Genomic Epidemiology to underpin One Health surveillance for rabies

Genomic surveillance, i.e. using a pathogen's genetic blueprint to track it's spread in response to control measures, has become a key tool in contemporary disease management. This approach can now be deployed almost anywhere and conducted in near real-time to inform rapid and targeted interventions. Yet genomic surveillance is typically applied to emerging diseases with pandemic potential (e.g. SARS-COV-2) in high-income countries. I propose repurposing genomic surveillance for endemic zoonoses, diseases that spread from animals to people, such as rabies, that inflict a major preventable disease burden in many low- and middle-income countries. Such an approach would simultaneously improve surveillance for emerging infectious diseases through locally relevant capacity strengthening and provide the means to develop cutting-edge methodologies and capacities in "pandemic peacetime", whilst generating visible, tangible impacts on public health.

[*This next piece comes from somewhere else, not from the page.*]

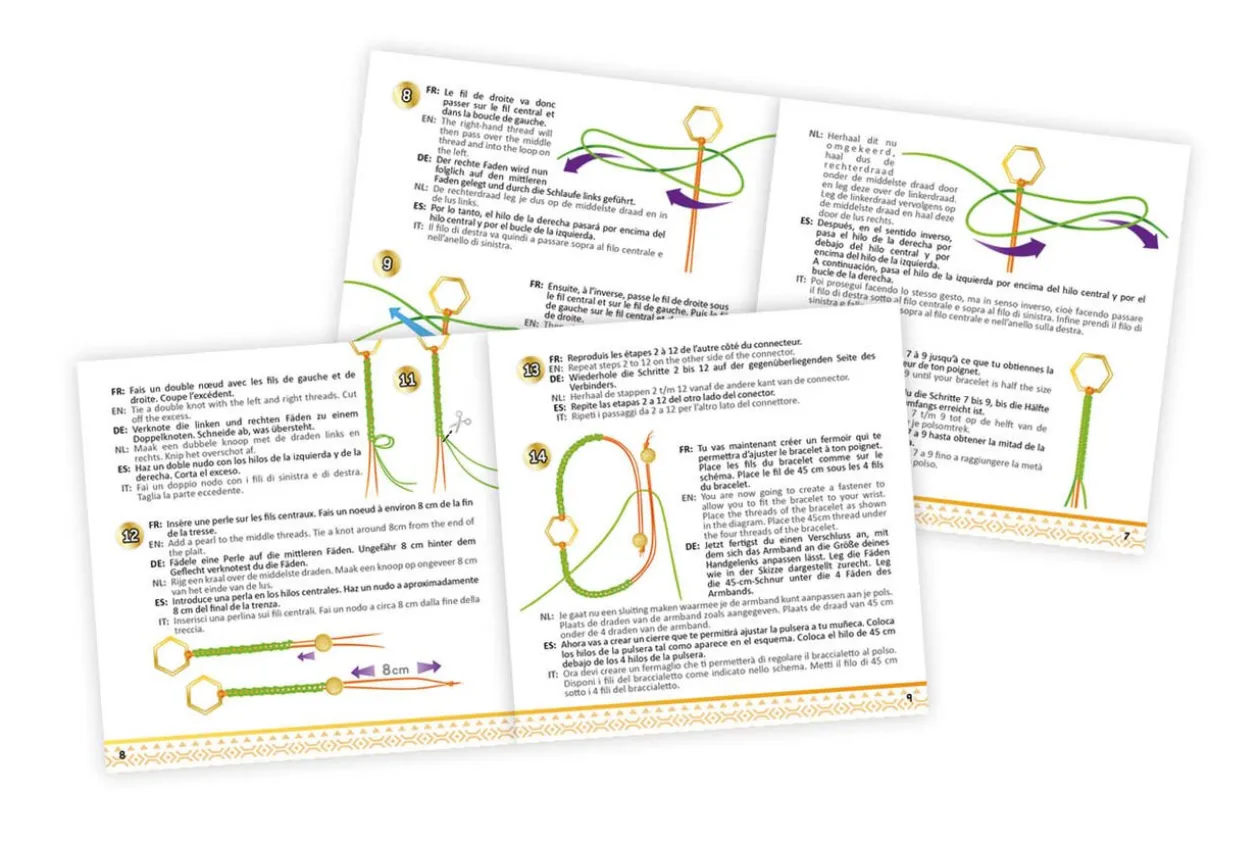 Crée ton propre bracelet en utilisant la technique du macramé : choisis un connecteur en métal et aide-toi de la notice illustrée pour tisser le bracelet de ton choix.

My proposal focuses on developing and optimising an accessible toolkit for generating and interpreting rabies virus genetic sequence data, supporting the global strategy to achieve zero human rabies deaths from rabies spread by domestic dogs by 2030. Genomic surveillance can play a key role in resolving complex transmission dynamics, detecting introductions and identifying their sources. This epidemiological understanding is important for both designing and evaluating national rabies elimination programmes, as they are increasingly rolled out. The proposed work encapsulates novel laboratory techniques to generate sequences in resource poor settings, and contemporary methods for analyzing these data to track rabies spread and persistence, both locally within communities and longer-range movement across countries and regions. I will deploy this toolbox through my extensive international collaborations across Africa, Asia and Latin America to address specific questions to support rabies elimination programmes in practice, building local capacity and expertise for routine in-country genomic surveillance.

Rabies is a zoonotic disease at the human-animal-ecosystem interface ('One Health') that kills thousands of people every year in low- and middle-income countries yet has recently been prioritised for elimination by 2030. Elimination efforts stand to benefit enormously from insights provided by genomic data, by monitoring lineage dynamics, using them to evaluate the success of interventions, and for the rapid detection of sources of incursions. Yet, as highlighted by the SARS-CoV-2 pandemic there are major global disparities in sequencing capacity that limit its use in low resource settings, which is where rabies circulates. This research will focus on developing and optimising Rabies Accessible GEnomics (RAGE), an accessible toolkit to sequence, analyse and interpret rabies virus genomes that can be applied to deliver actionable epidemiological insights that can directly inform rabies virus elimination programmes. These tools will constitute methodological advances in sequencing methods, including testing SMART-N9, a new metagenomic sequencing approach for viral pathogens; the development of deployable bioinformatic pipelines and easy-to-use software to aid non-bioinformatic users in the analysis of genomes. These methods will be used to track rabies lineage dynamics and comprehend the mechanisms driving lineage spread and persistence, the impact of dog vaccination programs and the sources and frequency of incursions that underpin viral circulation. I will deploy this toolbox through my extensive international collaborations across Africa, Asia and Latin America to address specific questions to support rabies elimination programmes in practice, building local capacity and expertise for routine in-country genomic surveillance.